只不过那时候她都是坐在旁边无聊看着的那个,懒得凑热闹,也懒得帮忙。自己想挤进去这个圈子,就得看个人的本事,没本事就要承担自己选择的代价。别人的上进路,跟她许温有什么关系呢。
只不过风水轮流转,今天自己成了那个被别人看的笑话。别说,还挺新鲜。人生嘛,就是看看别人的笑话,偶尔也被别人笑笑。
许温淡定道,“不曾进书院。”
顿时陆文仁脸色就应景似的带上了一言难尽,“西河书院是不好考,说到这里我到想到一个笑话,上次还有考生交了卷子坐下就哭,直求先生通融,说自己家里父母全无,只有三个夫郞做些针线活供自己读书,自己是他们全部的指望云云。”说到这里哈哈一笑。
其他人也跟着笑。许温没笑,这有什么好笑的,就会讲这样的笑话?古代笑话不行啊。
许温旁边的书生笑道,“这倒是跟许娘子应上了,也是三个夫郞,听说夫郞也做的一手好针线,就只希望许娘子考不上可别哭着求情,书院是凭成绩进的,咱们就是看在文仁姐的面子上想帮你也帮不上啊哈哈哈哈,当然我这是玩笑话,许娘子这样的人品这个年纪还没进书院,只能是还没发力,许娘子一发力必定是奔着蟾宫折桂去的哈哈!”
顿时又是一阵笑声。
许温转头静静看着旁边这位大姐,看得大姐笑也干了,最后终于笑不下去了。脸色有些难看,“怎么,许娘子不会连个玩笑都听不得吧?”
在众人笑声都停下来的时候,许温才开口,“这位娘子,你嘴上都是油光,颇有些不太雅相,是不是拿帕子擦一擦?”

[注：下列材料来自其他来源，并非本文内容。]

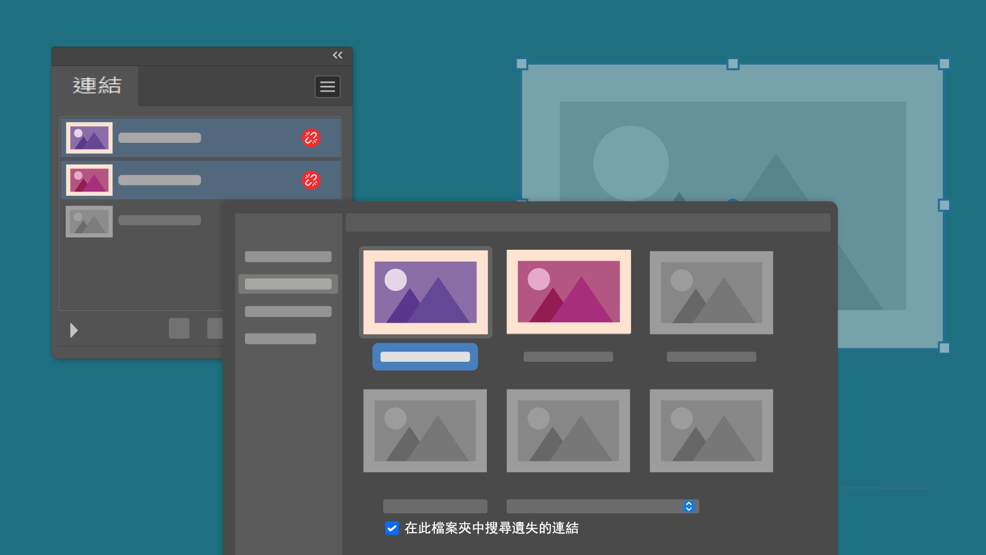 當您將遺失的檔案重新連結至 Illustrator 文件時,Illustrator 會自動在同一個資料夾中搜尋其他遺失的檔案,然後重新連結這些檔案。了解更多如何重新連結遺失的檔案。

众人怎么也没想到许温既不是辩解,也不是羞恼,居然说了这么句话。
众人视线不觉都聚集到许温旁边的张娘子脸上,可不是嘴上好大一片油光,可见刚才那一会儿工夫她定然吃了不少肘子火腿!这个张友银是他们几个里家境最不好的,平时全靠着巴结陆文仁占些便宜。
刚一坐下,就被眼前肘子火腿香味勾了魂,筷子倒腾的那个快啊,生怕少吃了一口。一听陆文仁发话,她就赶紧放下筷子跟上啊。没想到跟也跟上了,却被许温轻飘飘一句话扇到了脸上,许温还没事,她反倒脸上一臊。想说点什么扇回去,又找不到话,一时间倒是急得大冬天都出了汗。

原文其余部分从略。